What’s backing bitcoin?
Despite Senator Warren’s assertion that buying bitcoin is less useful than buying a painting (“I can throw darts at [a painting]”), bitcoin is backed by just that: its usefulness.
Pyramid schemes come and go, they don’t last 14 years and counting. If all bitcoin had to back it up was belief from a few gullible people, it would have collapsed by now.
As a store of value, Bitcoin rivals gold (and wins). As a remittances payments system, it’s more accessible than any other currency on the planet with superior network effects compared to proprietary remittance services. It’s freer than any other payments network, existing outside the control of a corrupt or inefficient centralized authority.
By removing third parties, bitcoin is cheaper and more efficient than traditional finance. By maintaining pseudonymity, bitcoin retains the privacy of physical cash whilst enjoying the “fast and frictionless” perks of digitized currency. By being accessible to anyone with an internet connection, bitcoin provides financial services to those left out of the traditional, centralized banking system.
Bitcoin has value because it’s useful.

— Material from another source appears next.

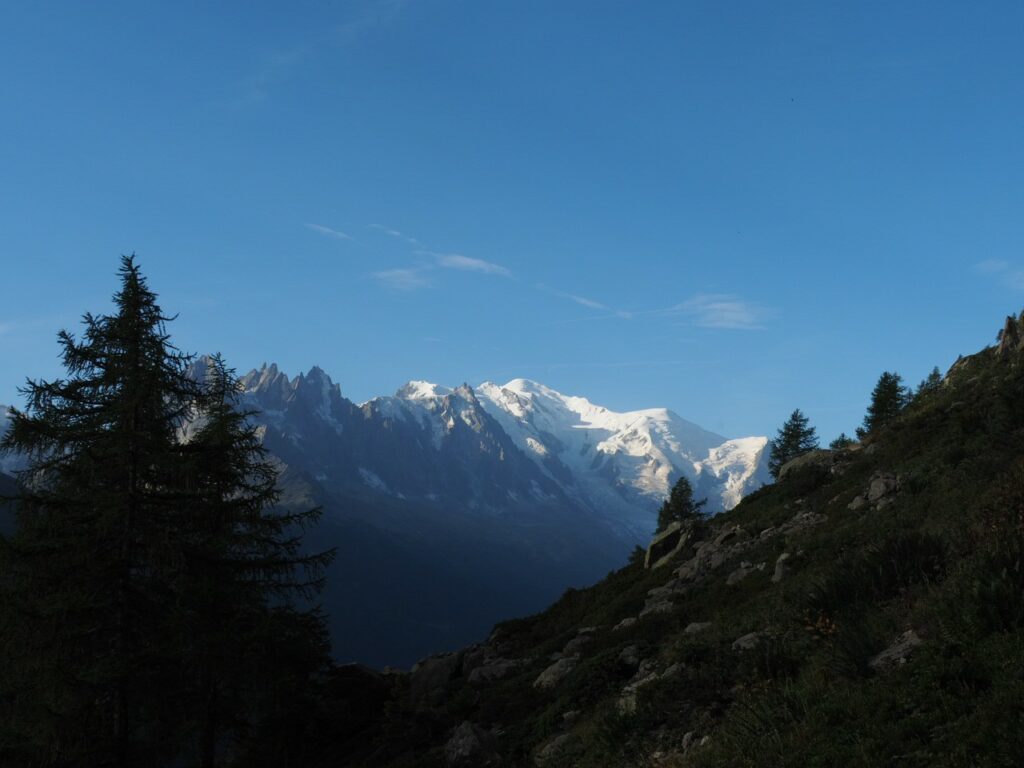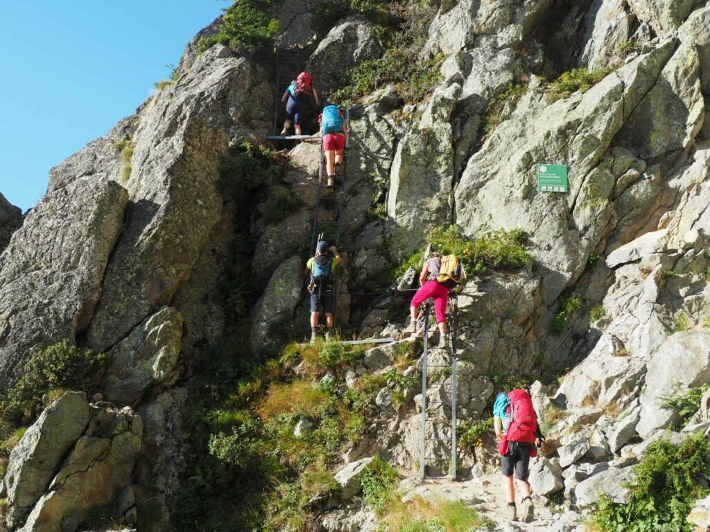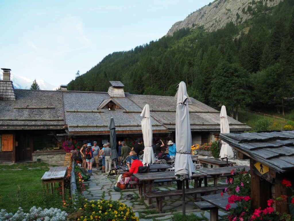 Die letzte Etappe der DAV MaMo Tour steht an. Von der Auberge de Boerne geht’s hinauf auf die gegenüberliegende Seite des MB, quasi als Panorama-Tour. Ihr könnt euch vorstellen: Wir sind nicht allein. Auch einige aus unserer TMB Community trafen wir auf der Hütte und jetzt auf dem Weg wieder. Trotz gar nicht so erschreckender Tourenzahlen schlaucht uns die Etappe ziemlich; vor allem die große Hitze und das viele Abwärtsgehen am Ende setzt uns zu.

That’s what backs bitcoin.
If it stops being useful, people will stop using it, people will stop buying it, and its price will crash to zero. Or near zero to be precise, since hascash inventor Adam Back still has a running buy order for 21M Bitcoin at $0.02.
I don’t see that happening. Clearly, Elizabeth Warren agrees. If Bitcoin becomes nearly worthless and nobody uses it, what reason could she have to want to regulate it? Of course, if Bitcoin is very useful, and therefore becomes very valuable, then having control over it would put regulators in a very powerful position.
Does Elizabeth Warren want to regulate something she thinks is useless, or does she want power over something she thinks people are going to start adopting as the dollar drops?